You are viewing a plain text version of this content. The canonical link for it is here.
Posted to user@nutch.apache.org by Jason Shi <nu...@gmail.com> on 2011/02/28 03:53:59 UTC

web search returns less results than command search

hi guys,I'm using nutch-1.0 for Chinese web search,I changed the
NutchDocumentAnalyzer.java to use imdict-chinese-analyzer,which is dedicated
to chinese word segmentation,after successfully crawled my computer
department's website,and deployed nutch-1.0.war,I found that nutch web
search returns much less results than command search.for example, this
command "bin/nutch org.apache.nutch.searcher.NutchBean 计算机",returns
265hits,but the web search returns 0 result.
any help would be greatly appreciated.

Re: web search returns less results than command search

Posted by Alexander Aristov <al...@gmail.com>.
Hi

Firstly I would suspect character encoding issues. Turn on tracsing on web
server and check which senetence is searched.

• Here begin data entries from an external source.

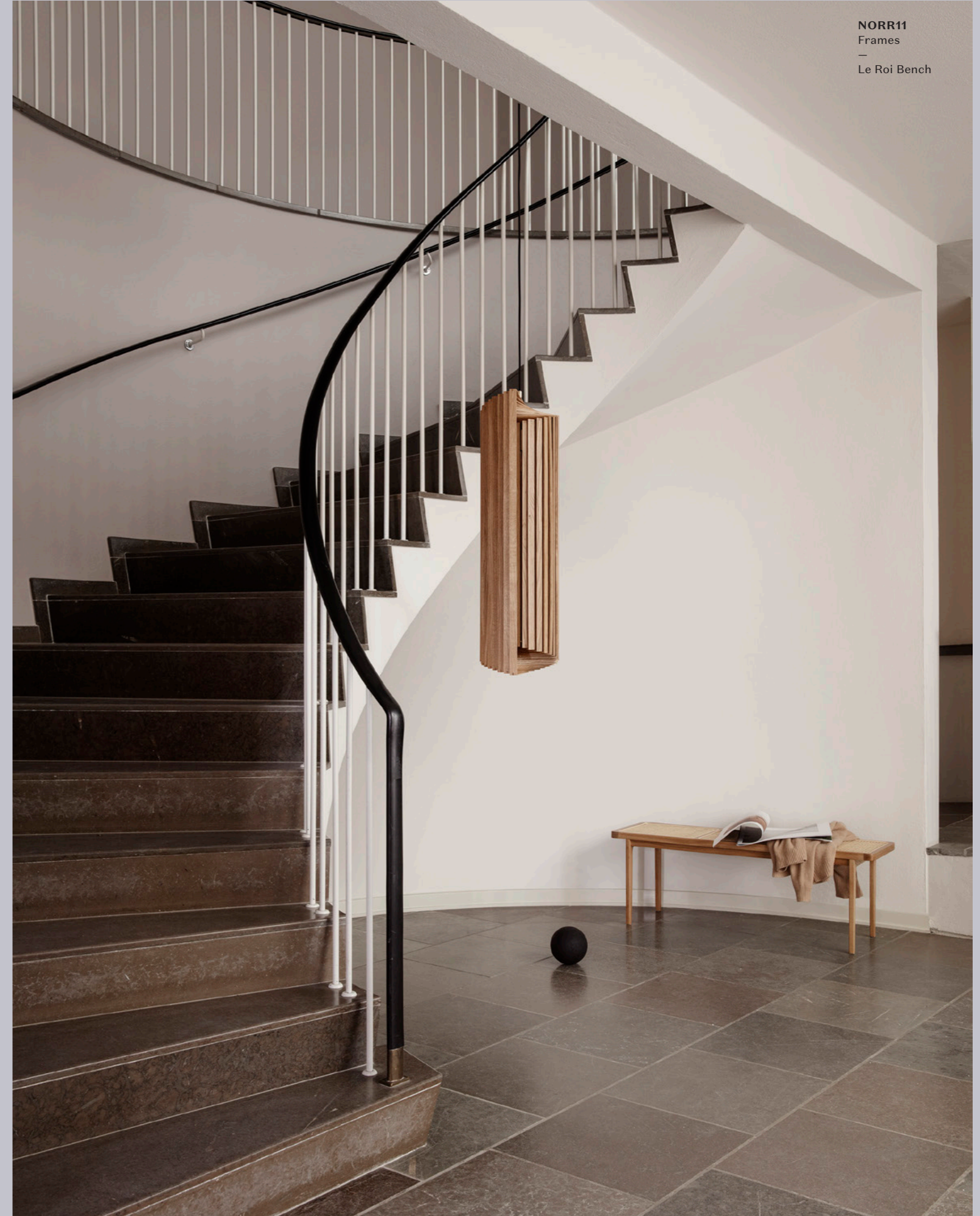
NORR11 Frames — Le Roi Bench

The design consists of 72 joints. Every single frame is handmade and quality checked before it's connected with carefully selected parts in brass. Frames is available in 4 different wood finishes; natural, smoked, dark stained and black.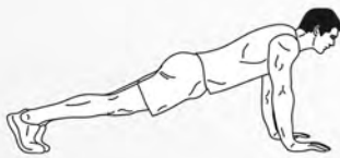
20sec plank hold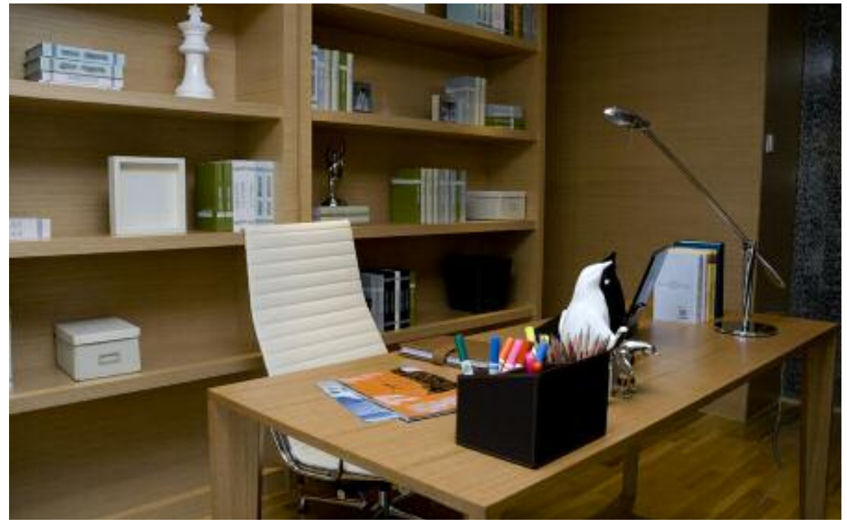
A desk in the commanding position helps strengthen your office's feng shui.

ith home offices common in many homes these days, what are the secrets to making a functional, well-designed, and highly creative space for your business? And what are common feng shui mistakes that many Bay Area entrepreneurs make when setting up an office at home?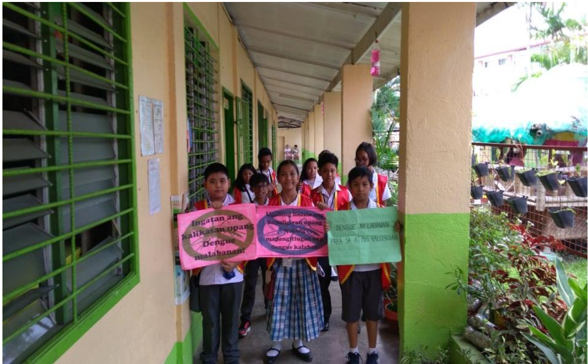
KIDS Patrol Activities- IWAS DENGUE ( Anti Mosquito Bite)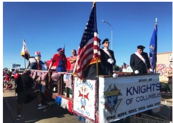
Minot Councils Brother Knights and Assembly Sir Knights float at the 2019 ND State Fair Parade.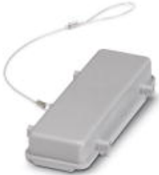
HEAVYCON protective cover, series B24, for supporting base element with double locking latch, with retaining cord, IP54, PA

Please be informed that the data shown in this PDF Document is generated from our Online Catalog. Please find the complete data in the user's documentation. Our General Terms of Use for Downloads are valid ( http://phoenixcontact.com/download )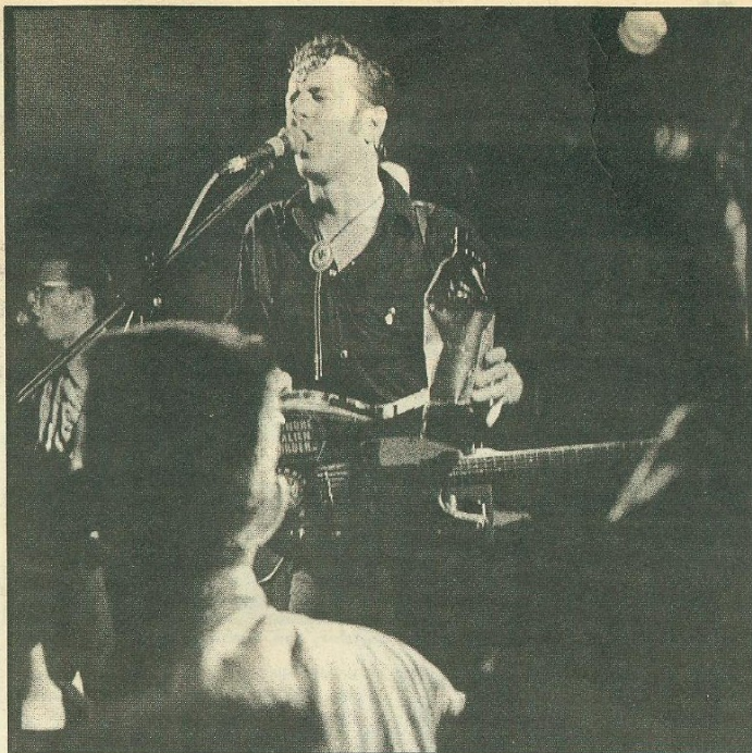
STRUMMER: "MAYBE we shoulda had a revolution along with the French."

After the gig, Strummer is pleased as punch and hauls out the Three Barrels to prove it. Touring, he says, tops it all, as the bus rumbles back to their B&B accommodation.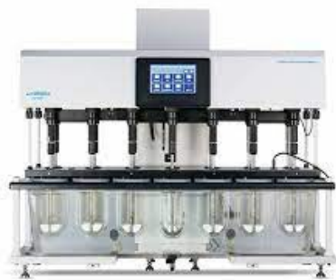
Tablet Dissolution Apparatus

Next thing is dedup. It can reduce number of results and it's turned on by
default. But of cause it should not reduce to 0.

Best Regards
Alexander Aristov


On 28 February 2011 05:53, Jason Shi <nu...@gmail.com> wrote:

> hi guys,I'm using nutch-1.0 for Chinese web search,I changed the
> NutchDocumentAnalyzer.java to use imdict-chinese-analyzer,which is
> dedicated
> to chinese word segmentation,after successfully crawled my computer
> department's website,and deployed nutch-1.0.war,I found that nutch web
> search returns much less results than command search.for example, this
> command "bin/nutch org.apache.nutch.searcher.NutchBean 计算机",returns
> 265hits,but the web search returns 0 result.
> any help would be greatly appreciated.
>